The records

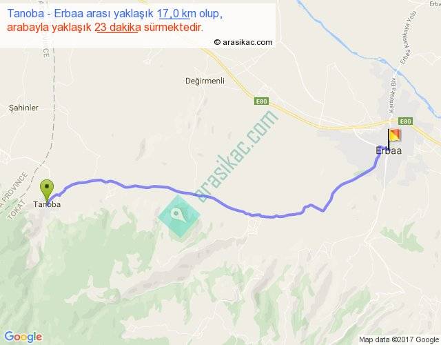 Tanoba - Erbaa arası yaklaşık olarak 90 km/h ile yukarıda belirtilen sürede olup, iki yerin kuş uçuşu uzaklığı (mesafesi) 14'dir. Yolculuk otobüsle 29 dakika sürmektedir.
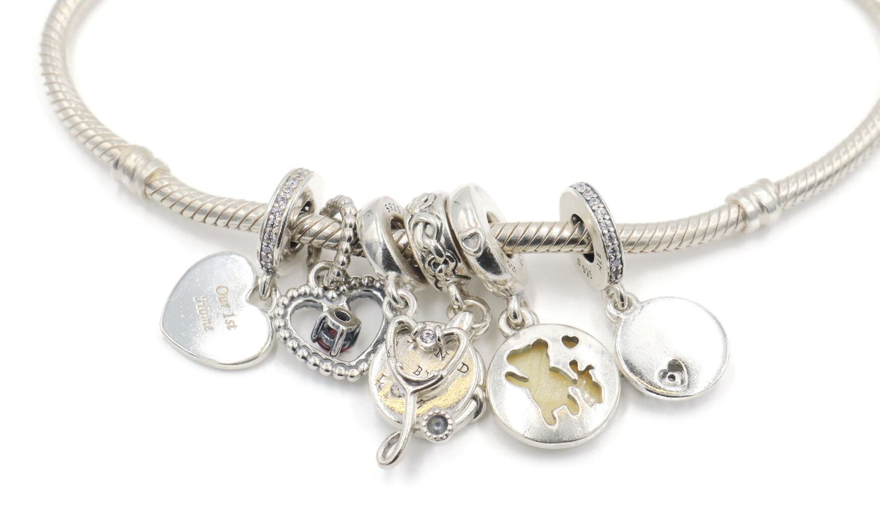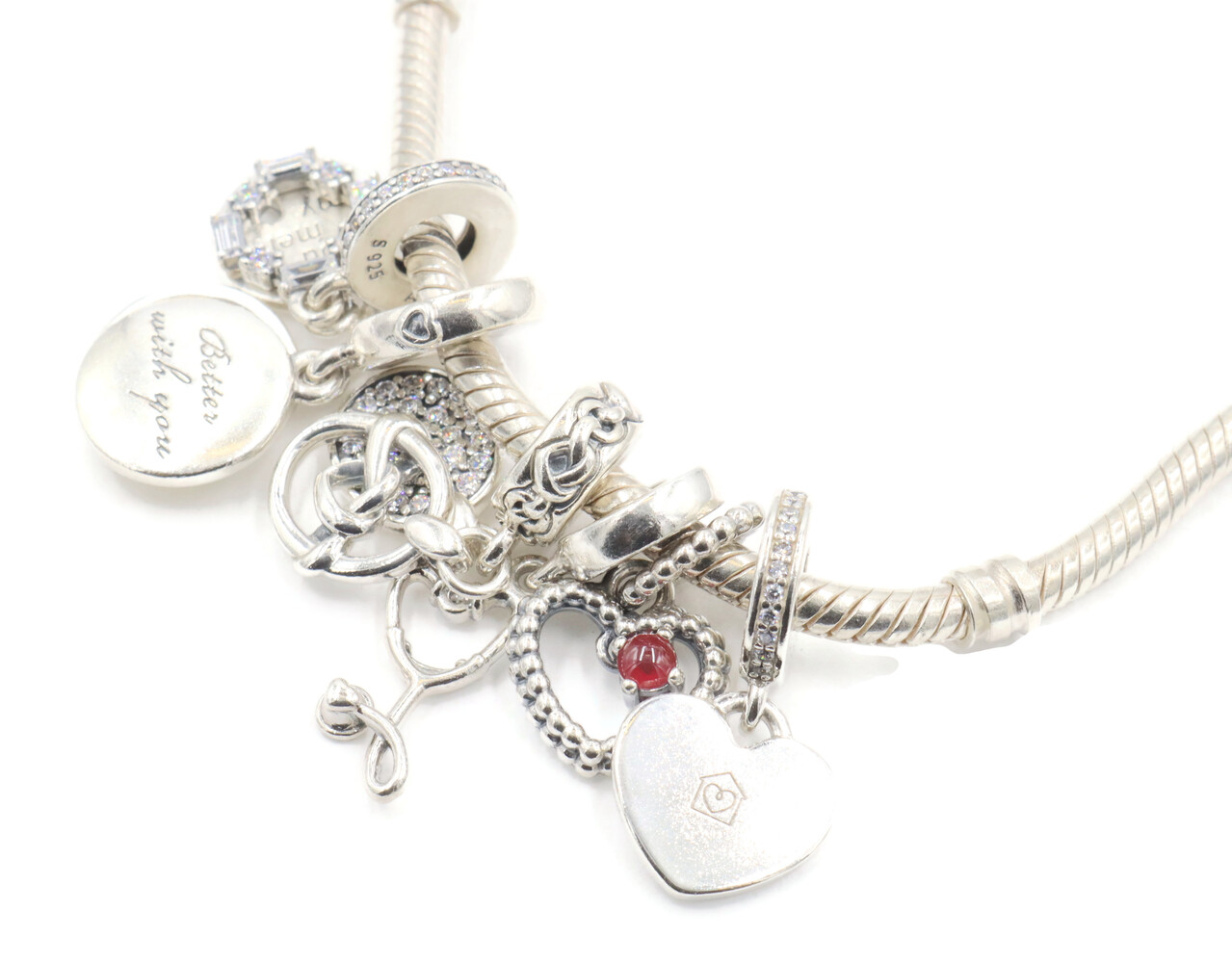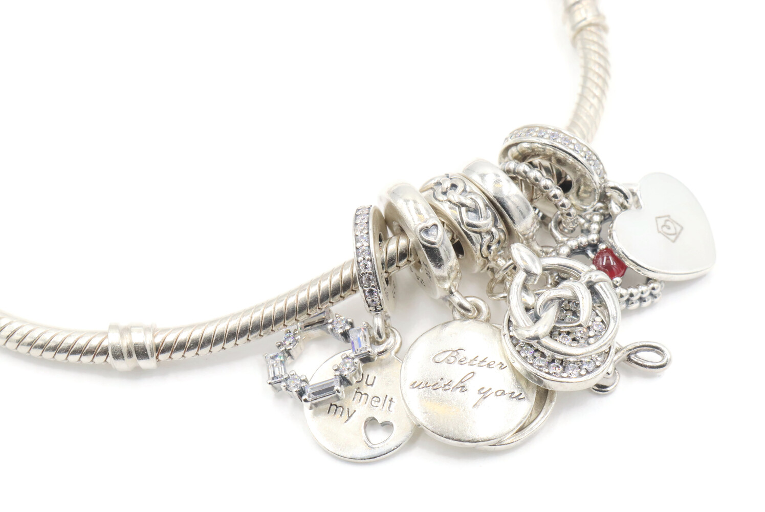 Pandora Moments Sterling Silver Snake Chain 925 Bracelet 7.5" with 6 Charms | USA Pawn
---
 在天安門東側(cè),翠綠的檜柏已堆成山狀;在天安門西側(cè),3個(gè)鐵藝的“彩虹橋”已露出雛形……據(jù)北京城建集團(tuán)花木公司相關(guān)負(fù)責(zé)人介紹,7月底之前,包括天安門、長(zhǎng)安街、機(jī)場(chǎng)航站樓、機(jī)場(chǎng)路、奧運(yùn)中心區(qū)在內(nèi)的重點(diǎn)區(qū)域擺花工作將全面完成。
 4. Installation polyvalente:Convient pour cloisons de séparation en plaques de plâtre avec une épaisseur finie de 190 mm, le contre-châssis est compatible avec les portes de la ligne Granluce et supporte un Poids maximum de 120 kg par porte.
--
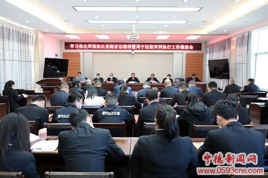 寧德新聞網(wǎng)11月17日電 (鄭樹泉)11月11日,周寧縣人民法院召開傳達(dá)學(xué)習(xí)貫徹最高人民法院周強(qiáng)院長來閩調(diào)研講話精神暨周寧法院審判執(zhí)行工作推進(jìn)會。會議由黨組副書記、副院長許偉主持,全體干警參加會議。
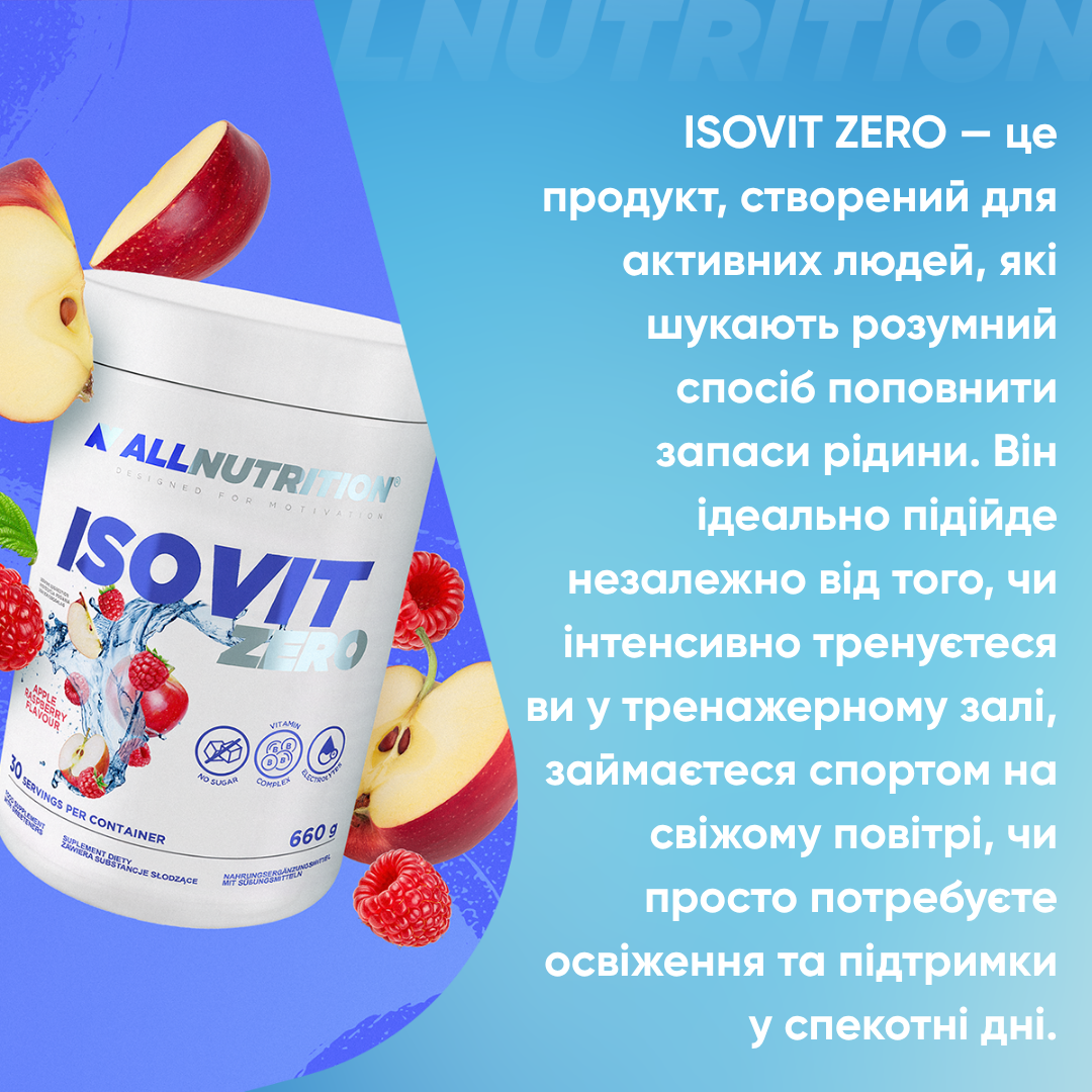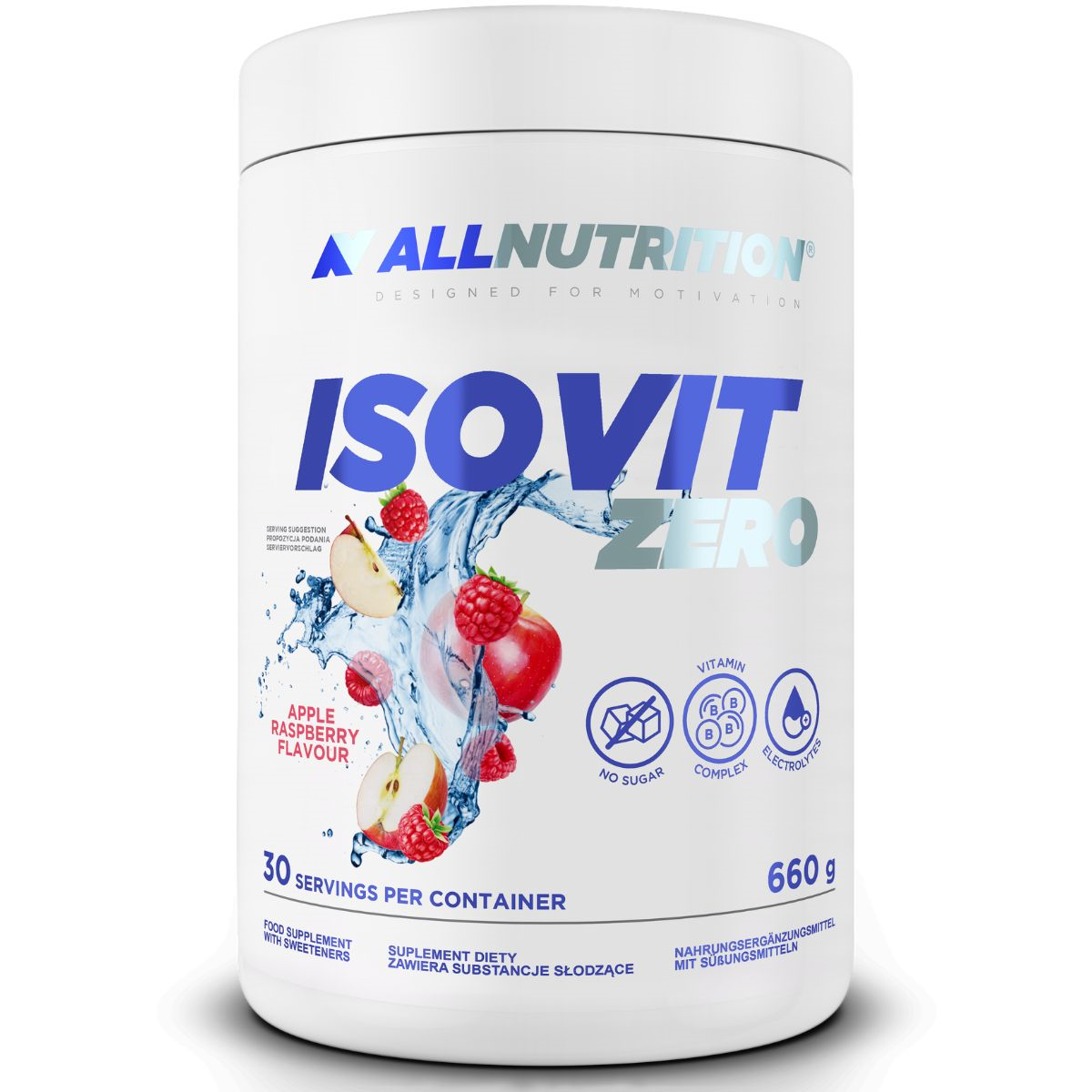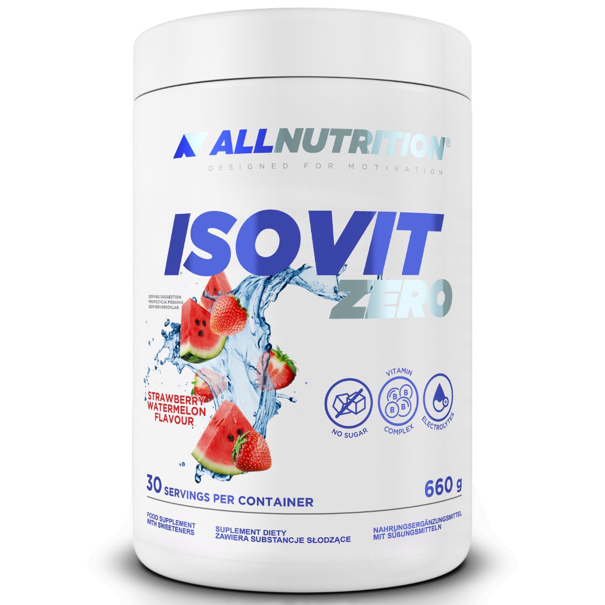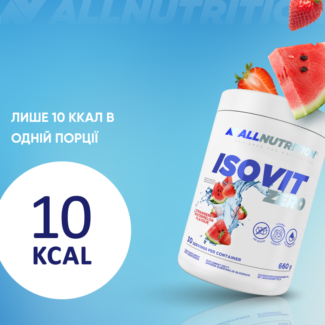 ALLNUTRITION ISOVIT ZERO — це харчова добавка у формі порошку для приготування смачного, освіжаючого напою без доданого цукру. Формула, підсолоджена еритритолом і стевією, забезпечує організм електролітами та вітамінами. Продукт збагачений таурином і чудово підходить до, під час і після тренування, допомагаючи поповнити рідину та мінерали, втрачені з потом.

Work request
What's needed is an exact copy of the records above from the line containing "Tanoba - Erbaa" down to the line containing "Pandora Moments Sterling", both included, without any pictures.

Output of the exercise
 Tanoba - Erbaa arası yaklaşık olarak 90 km/h ile yukarıda belirtilen sürede olup, iki yerin kuş uçuşu uzaklığı (mesafesi) 14'dir. Yolculuk otobüsle 29 dakika sürmektedir.
 Pandora Moments Sterling Silver Snake Chain 925 Bracelet 7.5" with 6 Charms | USA Pawn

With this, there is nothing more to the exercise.